Understandably, Rolls-Royce is confident that a commercialization of (hybrid-) electric power and propulsion systems in this class will happen within this decade.

Towards Sustainable Flight

As mentioned, Rolls-Royce is helping Boom Supersonic to drive the development of a supersonic aircraft, Overture, with the goal of making passenger travel twice as fast.

Other than the issue of the sonic boom caused by aircraft flying supersonic speeds over land, the major issue with civilian supersonic flight previously had to do with the huge fuel burn, which, in turn, created very high operating costs, as well as high carbon emissions.

Rolls-Royce is collaborating with Boom specifically to develop a sustainable supersonic flight solution. “Sustainable supersonic flight has recently become possible thanks to steady progress in efficient aircraft design, the continuing development of sustainable aviation fuel infrastructure, and the increasing availability of high-quality carbon offsetting,” says Brian Durrence, Senior Vice President, Overture Development at Boom Supersonic.

“Boom has long been focused on minimizing Overture’s environmental impacts, including both noise and emissions footprints, and Rolls-Royce shares this priority.”

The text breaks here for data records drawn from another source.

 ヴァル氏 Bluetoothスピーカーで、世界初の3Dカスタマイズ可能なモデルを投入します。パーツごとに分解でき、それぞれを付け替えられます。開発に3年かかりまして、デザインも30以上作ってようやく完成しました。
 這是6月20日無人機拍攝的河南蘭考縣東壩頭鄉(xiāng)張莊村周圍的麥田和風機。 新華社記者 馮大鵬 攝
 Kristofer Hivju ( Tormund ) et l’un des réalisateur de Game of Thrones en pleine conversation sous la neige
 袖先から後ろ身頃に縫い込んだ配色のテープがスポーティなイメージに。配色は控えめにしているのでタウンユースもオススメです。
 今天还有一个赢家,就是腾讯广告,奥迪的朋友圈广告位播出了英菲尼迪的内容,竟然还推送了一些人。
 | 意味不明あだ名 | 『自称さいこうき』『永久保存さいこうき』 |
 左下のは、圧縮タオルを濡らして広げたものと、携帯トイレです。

While supersonic flight will make the world dramatically more accessible, it is critical that this improvement doesn’t impact the health of the planet. “We incorporate environmental considerations into every key decision at Boom,” Durrence adds.

To begin with, aerospace technology has advanced greatly since Concorde was built, and three specific areas of innovation will greatly improve the fuel efficiency of Boom’s Overture, according to Durrence.

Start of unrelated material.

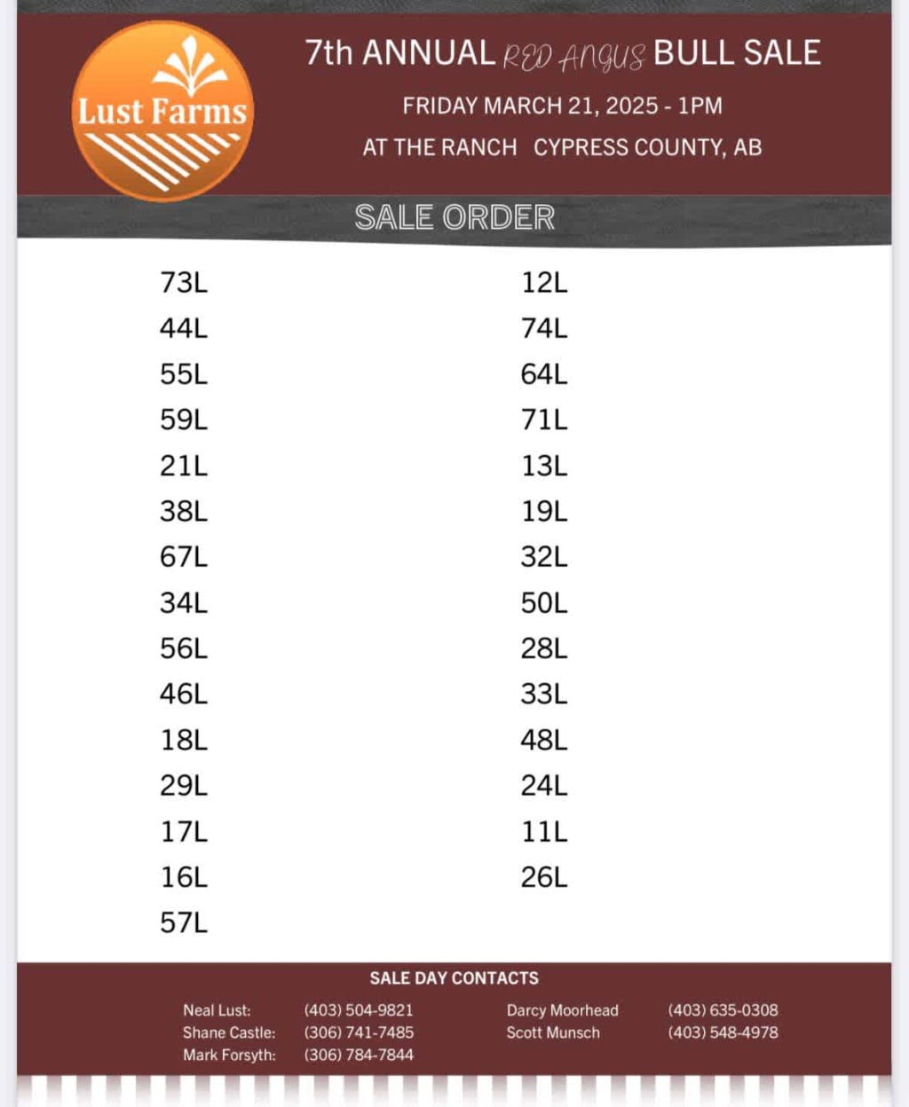 Friday March 21st at 1:00pm at the Ranch in Cypress County

  • Engine: Concorde used afterburning engines that were state-of-the-art when designed, whereas Overture will use more efficient engines that don’t require the use of an afterburner. According to Robinson, Rolls-Royce is confident that it can create the most efficient engine possible for Overture.
  • Materials: Concorde was constructed of aluminum, whereas Overture will use carbon composites which are not only lighter, but more easily shaped into aerodynamically-optimal forms.
  • Aerodynamics: Today’s advanced computing will allow thousands of iterations of aerodynamic testing, whereas Concorde was designed using slide rules and costly wind-tunnel models, limiting optimization.

During 2019, Boom performed a series of engine ground tests on its prototype XB-1’s engines using a high blend of Sustainable Aviation Fuel (SAF). This 84% HEFA fuel gave valuable data on how XB-1 would perform when powered by a high blend of SAF (biofuel). “The tests met our expectations, showing similar engine performance characteristics to conventional, petroleum-based fuel and offering us confidence that XB-1 could be powered by SAF,” Durrence continues.

Of course, the route to building an SAF-powered supersonic fleet relies as much on there being many sources of SAF. “While we are interested in traditional, plant-based biofuels, we are excited about the possibilities of municipal solid waste, industrial waste gases, and atmospheric carbon dioxide as innovative SAF feedstocks, as well as exploring the use of synthetic fuels and e-fuels [the creation of synthetic fuels through electrolysis],” Robinson notes.

“Because supersonic airplanes will complement—not supplement—the subsonic fleet, we are keen to identify novel SAF sources that won’t compete with subsonic uses. Over the course of our engine development program, we plan to test SAF from a number of pathways to ensure proper engine function.

“We are working with the public sector and collaborating with the oil and gas industry to drive wider availability of sustainable fuels.”

Meanwhile, Boom has launched a partnership with Prometheus Fuels, a company making road vehicle and aviation fuel from atmospheric carbon dioxide, and is also engaging with other SAF producers. And the benefits should pass down to today’s business aircraft too, where the need for more supply of SAF is necessary as a part of encouraging greater uptake among operators.

“Most of our aircraft engines can already operate using blended Sustainable Aviation Fuels, and have already flown using them,” Robinson says. “We believe that all of our newer engines would probably be able to operate on 100% SAF and we’re in the process of verifying that, so potentially the regulatory cap of 50% blend can be lifted.”